Given that $\zeta$ is the unit circle in counter-clockwise direction, evaluate:
\[ \oint_{\zeta} \frac{z^3}{4z - i} \, dz \] (round off to three decimal places).

Hint:

Always check whether the pole lies inside the contour before applying the residue theorem.

Answer 1

Correct Answer: 0.02

The integrand has a pole at:
\[ 4z - i = 0 $\Rightarrow$ z = \frac{i}{4}. \] Since \( \left|\frac{i}{4}\right| = 0.25 < 1 \), the pole lies inside the unit circle.

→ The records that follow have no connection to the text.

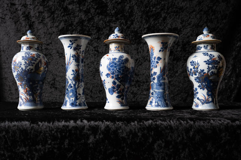 Schrankgarnitur von 5 Vasen aus chinesischem Porzellan, blau, rot und gold dekoriert, bestehend aus 3 Deckelvasen (1 Deckel nicht ganz identisch) und 2 schlanken trichterförmigen Vasen.
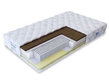 В этой модели поверхность повышенной жёсткости создаёт кокосовая койра, волокна которой выдерживают большой вес. Наполнитель из кокоса пропускает воздух, обеспечивает естественный теплообмен, благодаря чему жёсткую сторону часто используют в жаркое время года. Поверхность средней жёсткости формирует мемориформ, главное достоинство которого заключается в отсутствии обратного давления. По ощущениям это напоминает «невесомость».
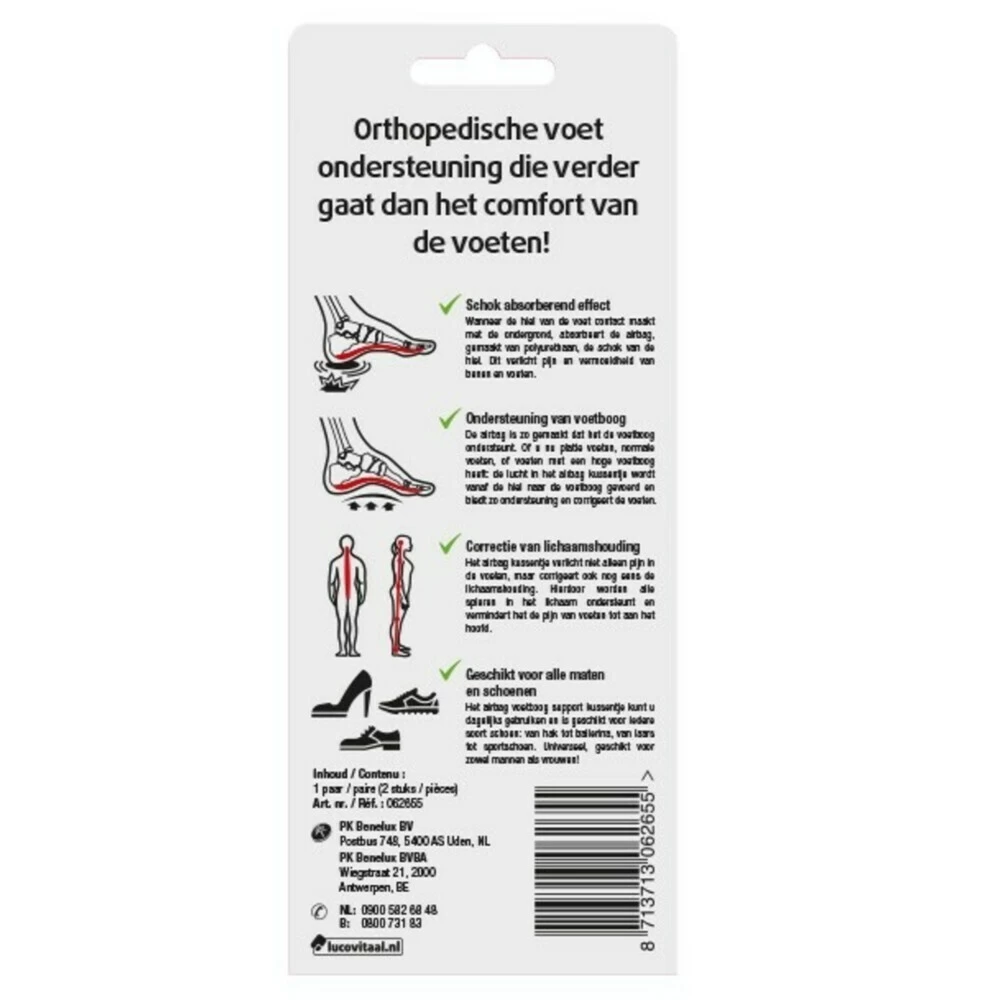 Orthopedische Voet OndersteuningDe Orthopedische Voet Ondersteuning (Airbags) van Lucovitaal is geschikt voor iedere soort schoen en alle maten. De Orthopedische Voet Ondersteuning (Airbags) van Lucovitaal gaat verder dan het comfort aan de voeten. De airbag is zo gemaakt dat het de voetboog ondersteunt, ook bij platte voeten en voeten met een hoge voetboog. De airbag verlicht pijn en corrigeert de lichaamshouding.Gemaakt van sterk, lichtgewicht materiaal (polyurethaan) dat jaren mee gaatSchok a
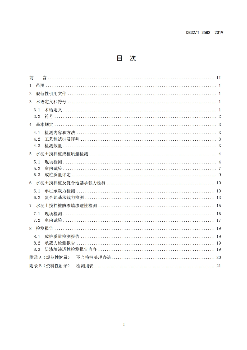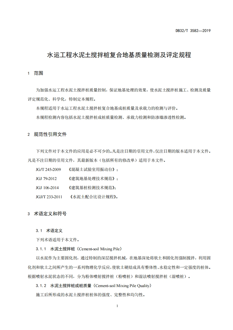 1Cs91.010.01P09备案号:DB32江苏省地方标准DB32/T3582-2019水运工程水泥土搅拌桩复合地基质量检测及评定规程Quality Inspection and Assessment Code for Cement-soil Mixing Pile CompositeFoundation of Waterway Engineering2019-04-08发布2019-04-30实施江苏省市场监督管理局发布
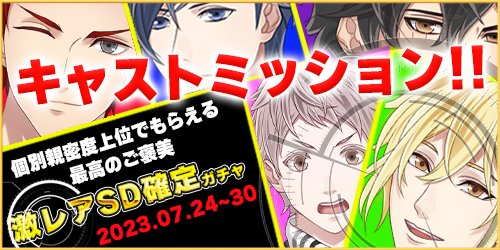 キャストと沢山おしゃべりして豪華報酬を貰っちゃおう☆今回は個別親密度1~3位までに入るとペットモチーフのSD彼が手に入っちゃうよ!その他豪華報酬もあるから、上位目指して頑張ってね!

Residue of \[ \frac{z^3}{4z - i} \] at \( z = \frac{i}{4} \) is:
\[ \text{Res} = \frac{z^3}{4} \Big|_{z = i/4} = \frac{1}{4} \left( \frac{i}{4} \right)^3 = \frac{1}{4} \cdot \frac{i^3}{64} = \frac{1}{4} \cdot \frac{-i}{64} = -\frac{i}{256}. \] By residue theorem:
\[ \oint = 2\pi i \left( -\frac{i}{256} \right) = 2\pi \left( \frac{1}{256} \right) = \frac{\pi}{128}. \] Numerically: \[ \frac{\pi}{128} = 0.02454 \approx 0.025. \]